The lifetimes of quantum excitations are directly related to the electron and phonon energy linewidths of a particular scattering event. Using the versatile double time thermodynamic Green’s function approach based on many-body theory, an ab-initio formulation of relaxation times of various contributing processes has been investigated with newer understanding in terms of the linewidths of electrons and phonons. The energy linewidth is found to be an extremely sensitive quantity in the transport phenomena of crystalline solids as a collection of large number of scattering processes, namely, boundary scattering, impurity scattering, multiphonon scattering, interference scattering, electron–phonon processes and resonance scattering.

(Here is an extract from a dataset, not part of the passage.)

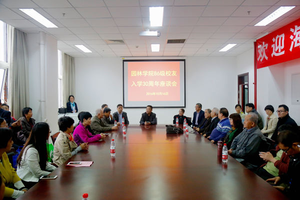 2016年10月16日上午10点30分,时值北京农学院60华诞之际,在园林楼407会议室举行了金沙集团1862cc成色86级校友座谈会。金沙集团1862cc成色党总支部书记王万山,副书记、学生工作副院长李金苹,院团委书记王雪,教学副院长王文和,科研副院长张克忠、团委书记王雪出席了会议,欢迎金沙集团1862cc成色86级教师和校友荣归母校,会议由党支部书记王万山主持。

The lattice thermal conductivities of three samples of GaAs have been analysed on the basis of modified Callaway model and a fairly good agreement between theory and experimental observations has been reported.

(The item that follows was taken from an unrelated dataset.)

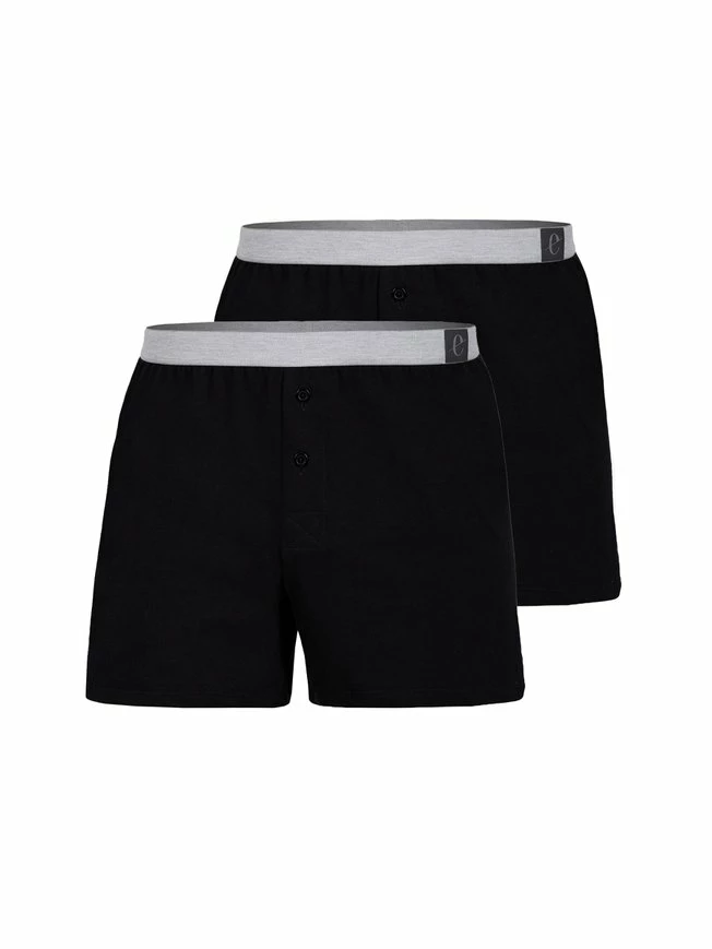 Lässige Boxershorts aus der Serie “Karl” der Marke ERLICH TEXTIL. Das elastische Baumwoll-Jersey hat einen super-soften Griff ohne dabei zu flatterig zu sein. Der Softgummi-Bund mit Logo-Fähnchen sitzt bequem auf der Hüfte. Die Schnittform der Herrenunterhose ist gerade so locker, dass sie sich auch nicht unter der Oberbekleidung abzeichnet. Das Model ist 1,85m groß und trägt die “Karl”-Boxer in der Größe L.

The phenomenon of heat conduction is important in semiconductor devices. This property is investigated on the basis of modified Callway model. The formalism was carried out using Hamiltonian, phonon Green’s function and equation of motion techniques for various scattering events. It was found that every scattering mechanism is independent of each other and does not affect the others. The thermal conductivity of lead sulphide (PbS) semiconductor has been studied on the basis of this concept. The results of the present model are in good agreement with experimental results and the model shows good future scope with other semiconductors and superconductors.